[Python-ideas] Tulip / PEP 3156 event loop implementation question: CPU vs. I/O starvation
Robert Collins
robertc at robertcollins.net
Sat Jan 12 06:06:22 CET 2013
On 12 January 2013 12:41, Guido van Rossum <guido at python.org> wrote:
> Here's an interesting puzzle. Check out the core of Tulip's event
> loop: http://code.google.com/p/tulip/source/browse/tulip/unix_events.py#672
> now_ready = list(_ready)
> _ready.clear()
> for handler in now_ready:
> call handler
>> However this implies that we go back to the I/O polling code more
> frequently. While the I/O polling code sets the timeout to zero when
> there's anything in the _ready queue, so it won't block, it still
> isn't free; it's an expensive system call that we'd like to put off
> until we have nothing better to do.
How expensive is it really?
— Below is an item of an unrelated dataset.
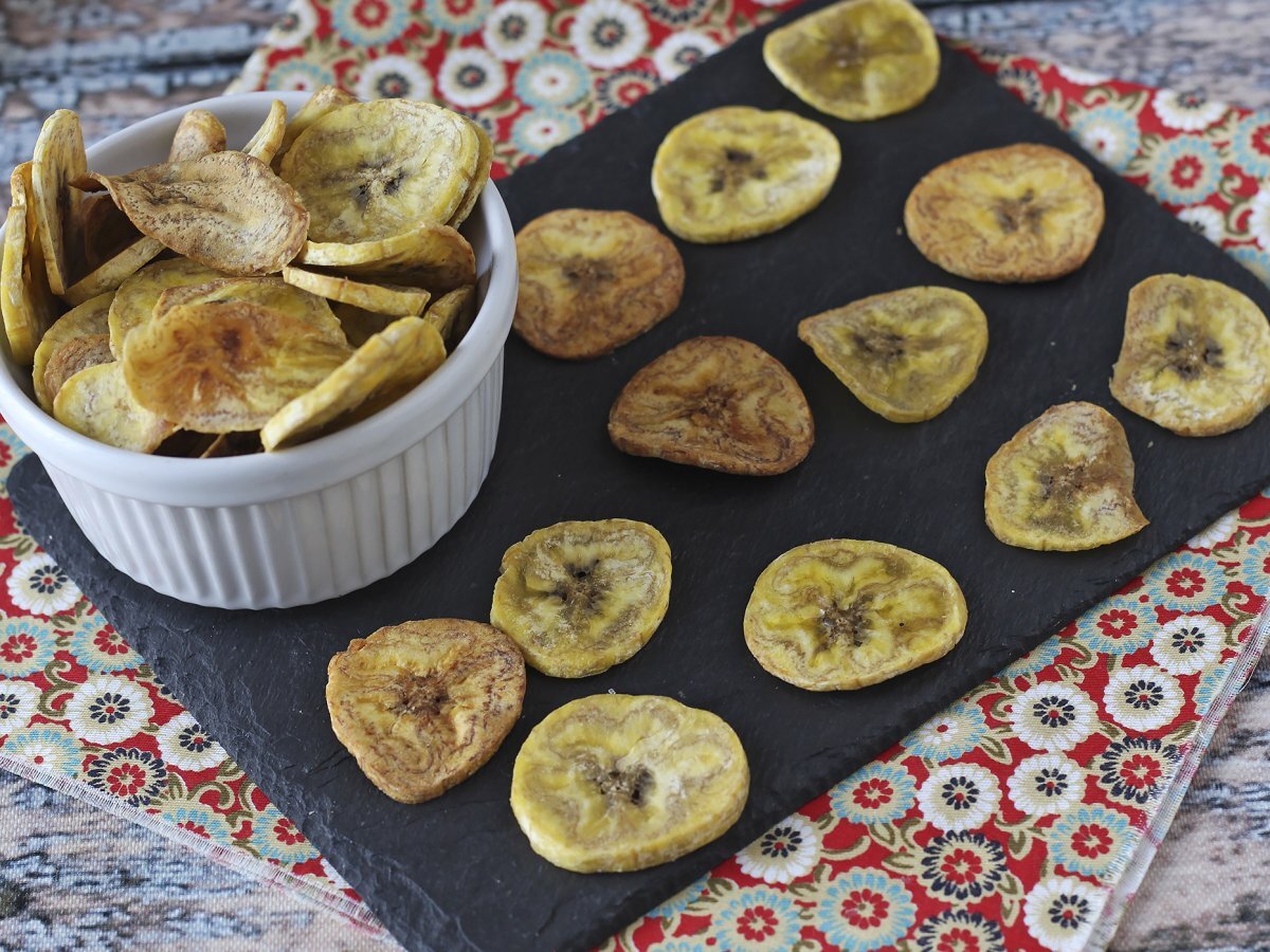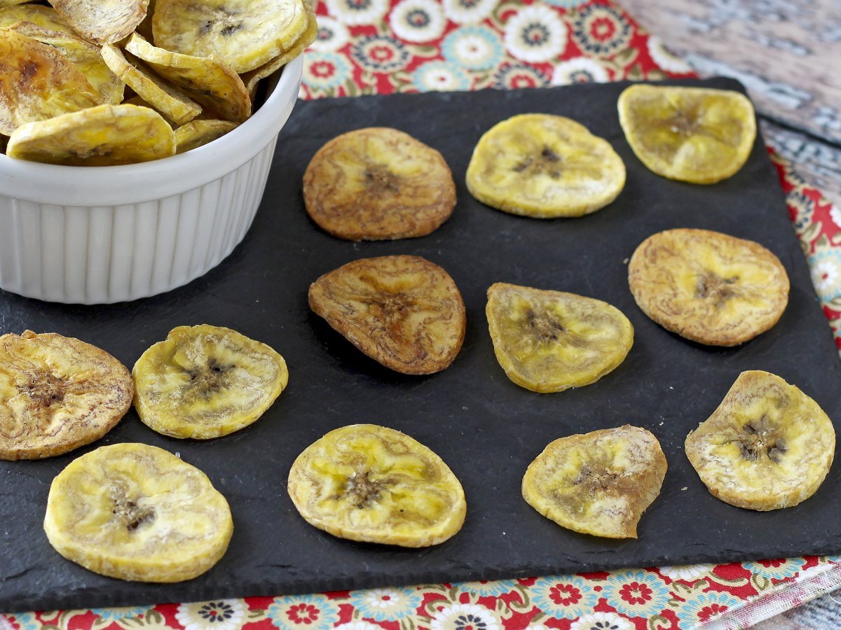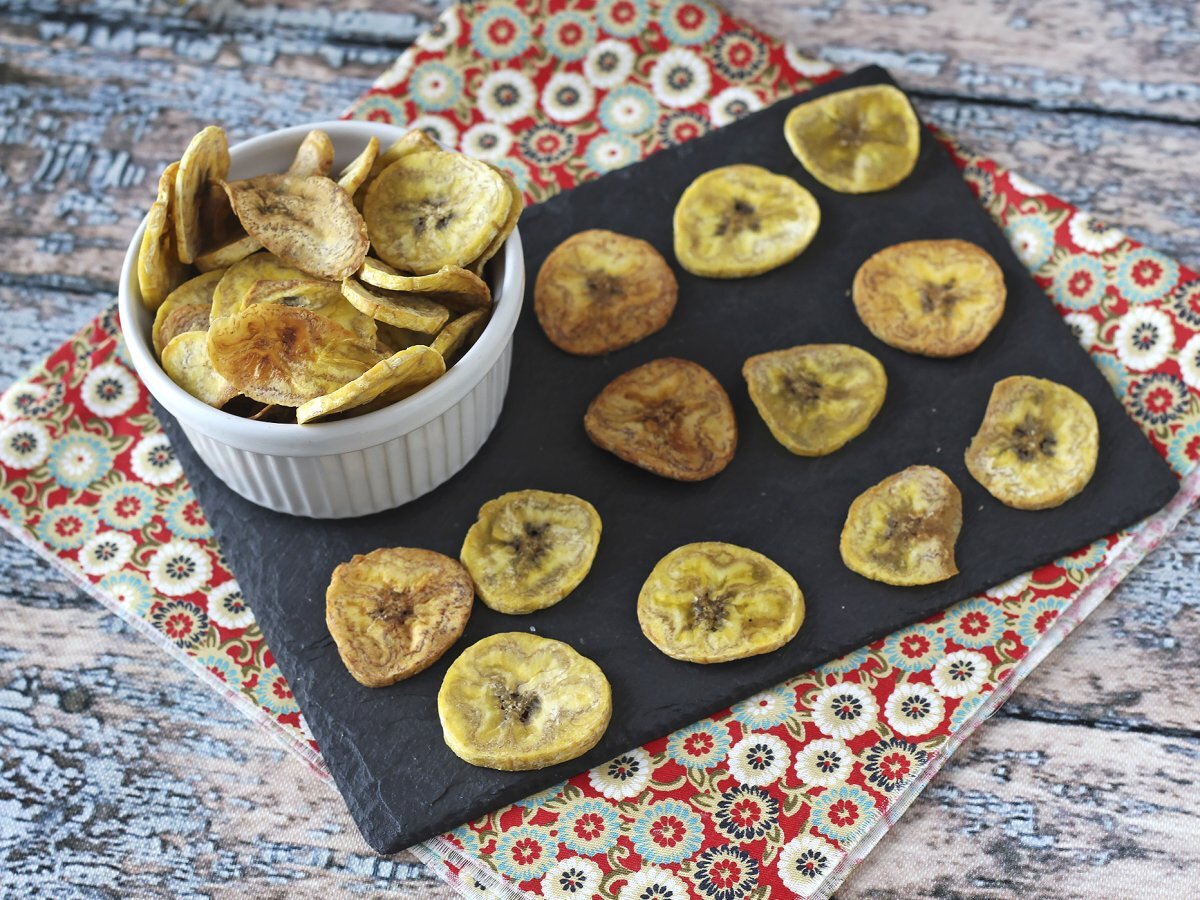 Quando cerchiamo un'alternativa ai tradizionali aperitivi, senza voler passare troppo tempo in cucina, pensiamo subito a preparare le sfiziose chips di banane cotte al forno. La ricetta è semplicissima e vi serviranno pochi ingredienti. Siete pronti a sgranocchiare questa sfiziosa idea? Non esitate ad accompagnarla con un ottimo drink alcolico (senza esagerare) oppure analcolico

If its select, its terrible, but we
shouldn't be using that anywhere.
if its poll() it is moderately expensive, but still it doesn't scale -
its linear with fd's.
If its IO Completion ports in Windows, it is approximately free - the
OS calls back into us every time we tell it we're ready for more
events.
And if its epoll it is also basically free, reading off of an event
queue rather than checking every entry in the array.
kqueue has similar efficiency, for BSD systems.
I'd want to see some actual numbers before assuming that the call into
epoll or completion is actually a driving factor in latency here.